Sentences for child pornography offenses can be stacked. For example, if a defendant is charged with possessing 20 images of child pornography, and can be proven to have had intent to promote or distribute, they could face up to 400 years in prison.
DEFENSE STRATEGY
Denying that the offense occurred (i.e., “It never happened.”) is a viable defense strategy when facing child pornography charges. A mistake of fact (i.e., the child appeared to be over the age of 18) and lack of intent or knowledge regarding possession or distribution are also possible defenses. Other viable defenses include entrapment (i.e., a scenario was set up with the intention of luring a person to commit the crime) and age of the defendant.
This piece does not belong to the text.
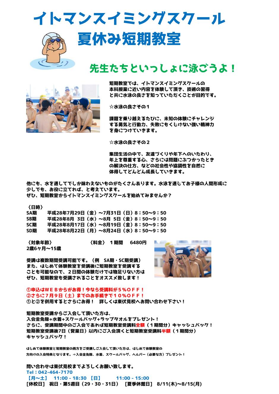 夏季短期教室のお知らせ!

Addressing lack of intent or knowledge (the “I didn’t do it” defense) requires that an attorney know and understand current computer forensics, including the latest guidelines for forensic digital evidence examinations. A qualified lawyer will be able to address the following questions and their implications for a particular case:
- Was the wireless network secured?
- Did a third party have access to the computer?
- Did another person download or view child pornography on your computer, leading to a false accusation?
- Is there a chance the material in question was accidentally downloaded or sent in a spam email?
- Could another person have hacked into the computer and downloaded the images, or hijacked your computer to be used as a server?
Regardless of the best defense strategy, it is crucial that you hire an experienced attorney as soon as possible after you become aware of charges against you.
PROCESS
A child pornography investigation often begins with police trolling peer-to-peer (P2P) Internet sites searching for child pornography. Once child pornography is found, the police will attempt to download the images or videos and locate the IP address of the computer where the images originated. After locating the IP address, police will either continue to investigate and collect further evidence, or they will immediately obtain a search warrant.
Police may continue an investigation by using electronic surveillance to monitor a suspect’s residence. This can allow police to determine who was in the residence when child pornography was uploaded or downloaded and possibly curtail the “it wasn’t me” defense. However, such surveillance is not the norm for child pornography investigations.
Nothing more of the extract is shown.